■ Problem description
An exact copy of every record below is required, with the pictures left out.

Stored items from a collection
>>

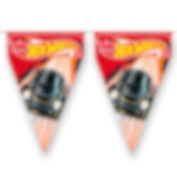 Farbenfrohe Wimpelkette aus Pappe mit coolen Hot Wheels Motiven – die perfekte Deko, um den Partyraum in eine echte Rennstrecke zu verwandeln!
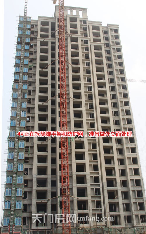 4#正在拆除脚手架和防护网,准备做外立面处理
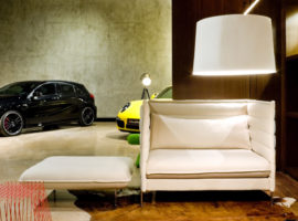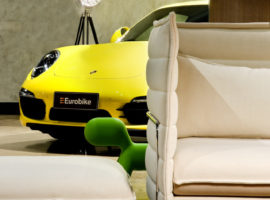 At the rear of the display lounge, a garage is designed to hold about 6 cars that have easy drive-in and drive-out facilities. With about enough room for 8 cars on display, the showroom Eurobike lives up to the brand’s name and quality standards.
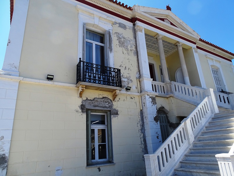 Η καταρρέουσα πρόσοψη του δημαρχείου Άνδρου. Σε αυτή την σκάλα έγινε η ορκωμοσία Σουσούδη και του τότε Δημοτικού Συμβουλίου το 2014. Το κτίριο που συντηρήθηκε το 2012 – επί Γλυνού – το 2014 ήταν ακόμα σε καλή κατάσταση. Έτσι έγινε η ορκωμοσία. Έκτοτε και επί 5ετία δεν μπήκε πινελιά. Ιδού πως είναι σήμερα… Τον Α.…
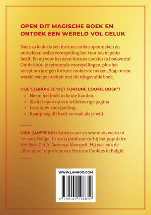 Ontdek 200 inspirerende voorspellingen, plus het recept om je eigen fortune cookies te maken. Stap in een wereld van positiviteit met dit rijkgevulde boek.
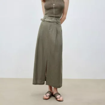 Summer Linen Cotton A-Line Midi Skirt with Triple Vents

<<

■ Result
 Farbenfrohe Wimpelkette aus Pappe mit coolen Hot Wheels Motiven – die perfekte Deko, um den Partyraum in eine echte Rennstrecke zu verwandeln!
 4#正在拆除脚手架和防护网,准备做外立面处理
 At the rear of the display lounge, a garage is designed to hold about 6 cars that have easy drive-in and drive-out facilities. With about enough room for 8 cars on display, the showroom Eurobike lives up to the brand’s name and quality standards.
 Η καταρρέουσα πρόσοψη του δημαρχείου Άνδρου. Σε αυτή την σκάλα έγινε η ορκωμοσία Σουσούδη και του τότε Δημοτικού Συμβουλίου το 2014. Το κτίριο που συντηρήθηκε το 2012 – επί Γλυνού – το 2014 ήταν ακόμα σε καλή κατάσταση. Έτσι έγινε η ορκωμοσία. Έκτοτε και επί 5ετία δεν μπήκε πινελιά. Ιδού πως είναι σήμερα… Τον Α.…
 Ontdek 200 inspirerende voorspellingen, plus het recept om je eigen fortune cookies te maken. Stap in een wereld van positiviteit met dit rijkgevulde boek.
 Summer Linen Cotton A-Line Midi Skirt with Triple Vents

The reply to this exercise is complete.